El barco había llegado a tiempo. La isla nos recibía con un maravilloso día de sol, y allí estaba nuestro amigo Ramón, esperando ansioso por este reencuentro, para seguir recorriendo de a pie las maravillosas Islas Canarias.
Era el turno de Lanzarote. Julia, Ramón y yo estábamos dispuestos a explorar los puntos más recónditos y menos concurridos de la isla volcánica, imponente con sus playas y cerros cubiertos por arena negra.
Las distancias entre las diferentes calas y bahías eran relativamente cortas. Teníamos tiempo y ganas de disfrutar del paisaje, de oler, de sentir, de escuchar a la isla.
En determinadas ocasiones recurríamos al auto-stop, pero nunca era la primera opción. Para iniciar una buena caminata era menester dormir bien, despertar temprano, desayunar alguna fruta, a veces un snack y siempre el mate.
De la estación portuaria nos dirigimos al mercado del pueblo, para comprar algunas provisiones. Por experiencia, sabíamos lo que necesitábamos antes de largarnos a una nueva aventura.
Cada uno contaba con una bolsa de dormir y un aislante térmico. Nos dividimos las provisiones; además, llevábamos un bidón de cinco litros de agua por persona, más objetos personales.
También portábamos tres tiendas de campaña personales, si bien pocas veces las usábamos. A pesar de estar en abril, el templado clima de la isla permitía disfrutar de dormir con un techo lleno de estrellas y poca luminaria artificial.
Ramón había visto en el mapa una hermosa cala de arena fina y dorada y fuimos en su búsqueda, evitando las playas más turísticas del sur de la isla.
Queríamos evadir el ruido, el consumo, lo masivo. Preferíamos perdernos por los senderos que bordeaban los infinitos acantilados, buscando solitarias playas paradisíacas.
Si bien la temperatura rondaba los veinte grados, la caminata con peso en la espalda invitaba a entrar rápidamente en calor. No había apuro por llegar, sabíamos que en cualquier rincón cercano se encontraba nuestra próxima morada; sea para pasar la noche o para descansar y relajarse por más tiempo.

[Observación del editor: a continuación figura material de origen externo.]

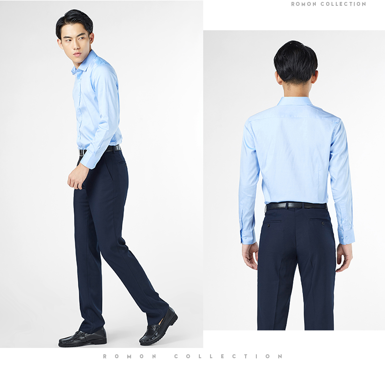 Romon/罗蒙休闲裤男修身高腰长裤子商务休闲100%纯棉男裤直筒裤子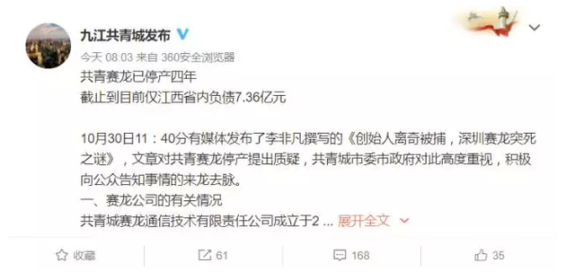 九江共青城发布表示,共青赛龙公司出现上述问题之后,江西省,九江市,共青城市三级政府积极帮扶共青赛龙公司。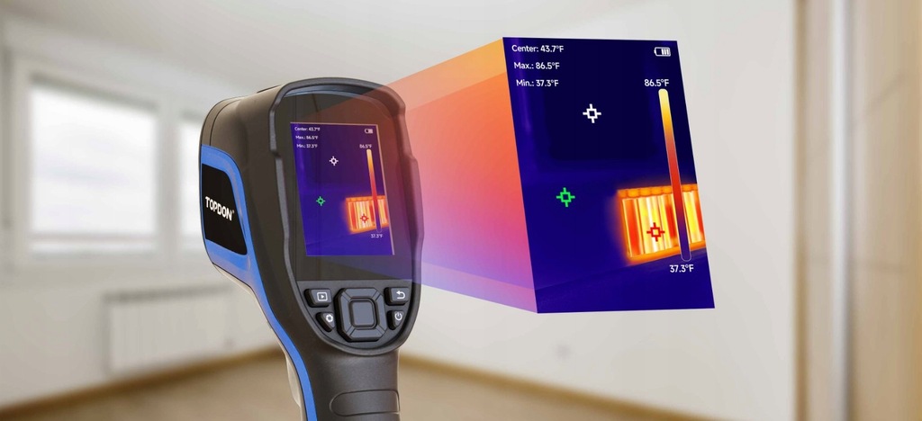 - Pokrywając zakres od -4°F do 842°F (od -20°C do 450°C) z dokładnością do ±3,6°F (±2°C), doskonale nadaje się do wykrywania mechanicznych i elektrycznych punktów zapalnych w warunkach przemysłowych. Jego wysoka czułość <40mK pomaga identyfikować problemy z izolacją i wilgocią w budynkach.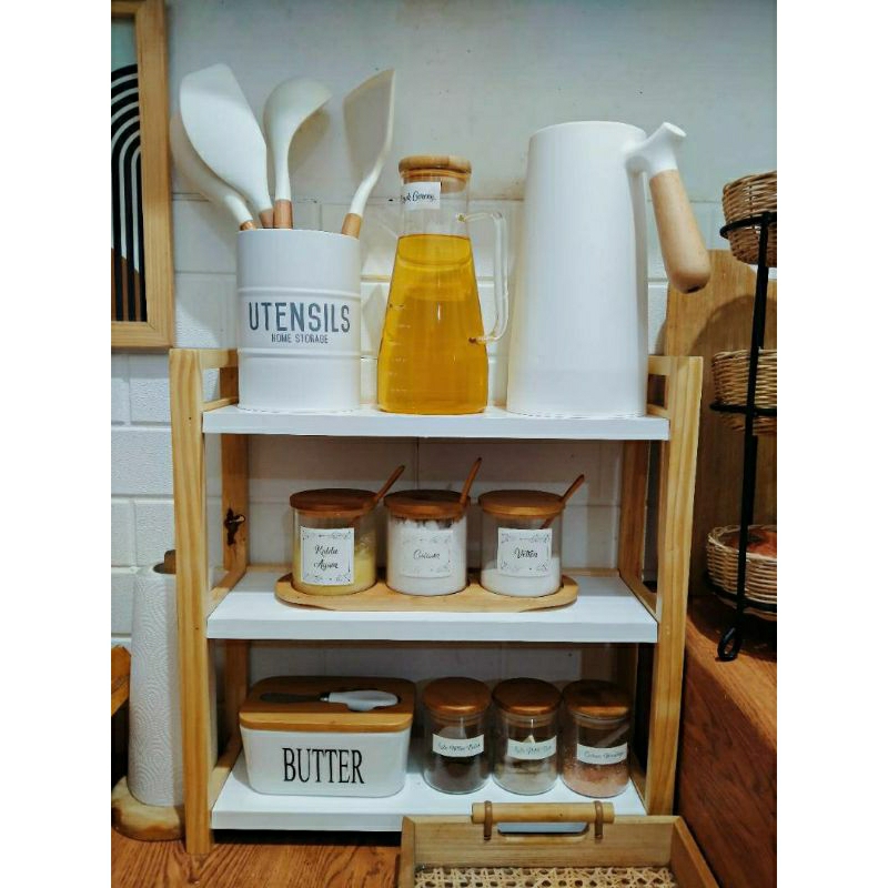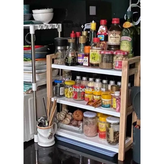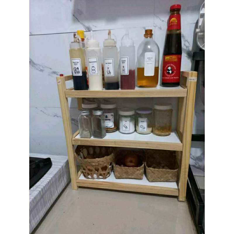 Rak 3 Tingkat Rak Multifungsi Premium Rak Kayu Serbaguna Rak Duduk Bumbu Dapur Rak Buku Estetik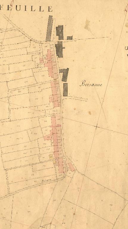 Le hameau s'organise en deux regroupements significatifs d'habitat construit à deux époques différente. En effet, à l'est près de l'ancien manoir de Boisanne on trouve un habitat plus ancien remontant au 17e siècle, et à l'ouest le hameau se développe à partir du 19e siècle avec l'ajout de nombreux bâtiments.
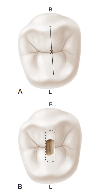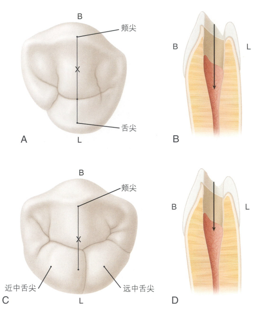 因此必须调整进入点位置以补偿此倾斜。在下颌第一前磨牙中,起始位置在两牙尖连线上,颊尖舌斜面的中点处。下颌第二前磨牙需要调整的较少,因为它们的舌倾程度较小。该牙的人点位于颊尖与两舌尖间舌沟的连线上,颊尖舌斜面的1/3处。
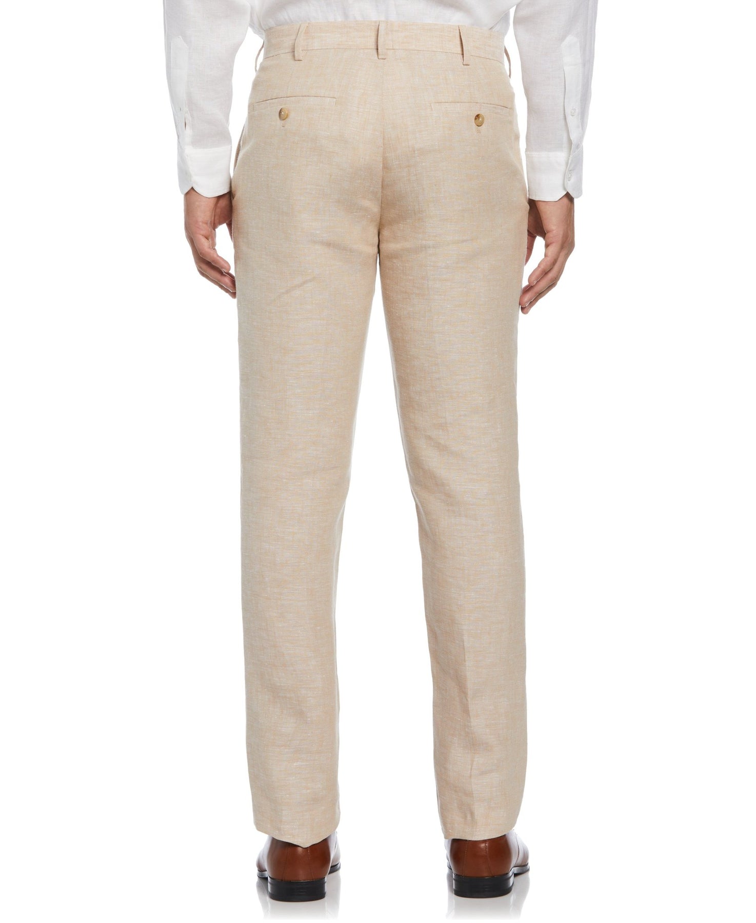 A true essential that will never go out of style. Lightweight and breathable, these sophisticated men’s dress pants are cut from 100% Delave linen - a top tier linen with a high-low heathered look and unique texture. This flat front style and straight leg fit creates a modern and sleek silhouette.

Sin embargo, las horas pasaban y no se distinguían más que acantilados; ninguna cala de fácil acceso y bajada. Cada tanto parábamos a descansar, a tomar un poco de agua e ingerir algo de energía.

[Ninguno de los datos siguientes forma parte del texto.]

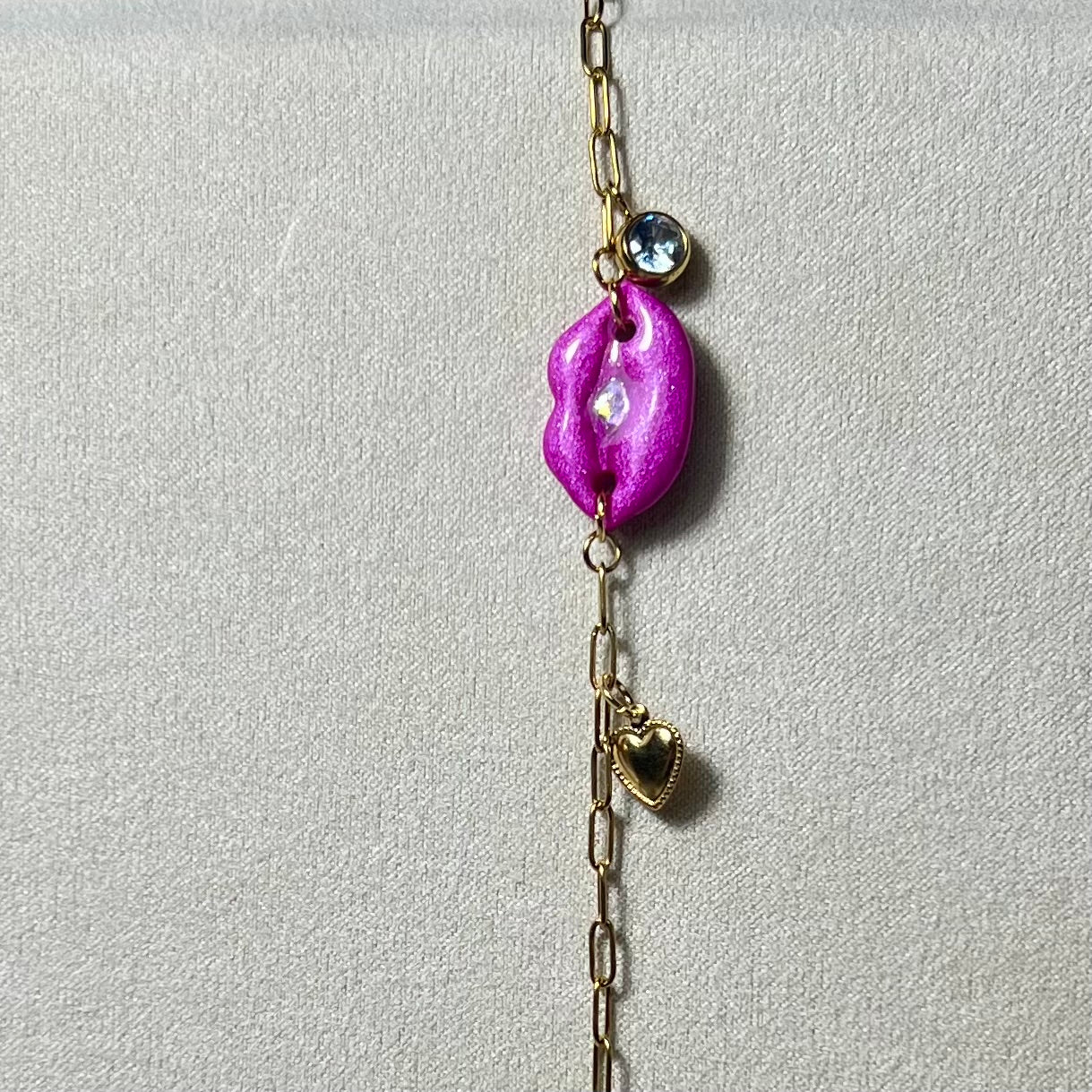 Bracelet Lips – Bracelet femme en acier inoxydable & pâte polymère fait main | Chaîne dorée ou argentée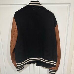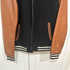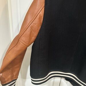 Leather and wool blend varsity jacket in saddle and black. Side pockets, roll collar,

A pesar de las temperaturas primaverales, e incluso de verano – ya que invitaban a nadar en las templadas aguas del océano -, el horario era invernal. En toda la península Ibérica era pleno invierno, y si bien allí no se sentía, alrededor de las seis de la tarde empezaba a oscurecer.
Como nos había sucedido en contadas ocasiones cuando estábamos caracoleando (término que empleo para referirme al hecho de andar con la casa a cuestas dentro de una mochila), la ayuda volvía a aparecer en el momento indicado.
Las esperanzas no se habían perdido, pero tampoco podíamos negar que nos encontrábamos un poco desahuciados al no haber encontrado aún un lugar para dormir.
Decidimos sentarnos a descansar una vez más cuando vislumbramos en la playa a una persona. Estaba lejos, lo mirábamos desde arriba de los acantilados, la luz era tenue, pocos minutos atrás había caído el sol.
Era un pescador, logramos divisar su caña entre las piedras, pero no entendíamos como había llegado hasta ahí. Él ni siquiera nos veía, totalmente inmerso en la placentera tarea de conseguir su propio alimento en la tranquilidad de ese lugar.
Buscamos el modo de bajar; si el pescador lo había logrado también podríamos.Era cuestión de descender por las piedras, al estilo de escalada libre, buscando el modo más sencillo y menos riesgoso de llegar a la costa.
Conseguimos bajar de un modo poco práctico, sin las mochilas ni carpas, que habían quedado arriba, para evitar cualquier riesgo extra provocado por el contrapeso.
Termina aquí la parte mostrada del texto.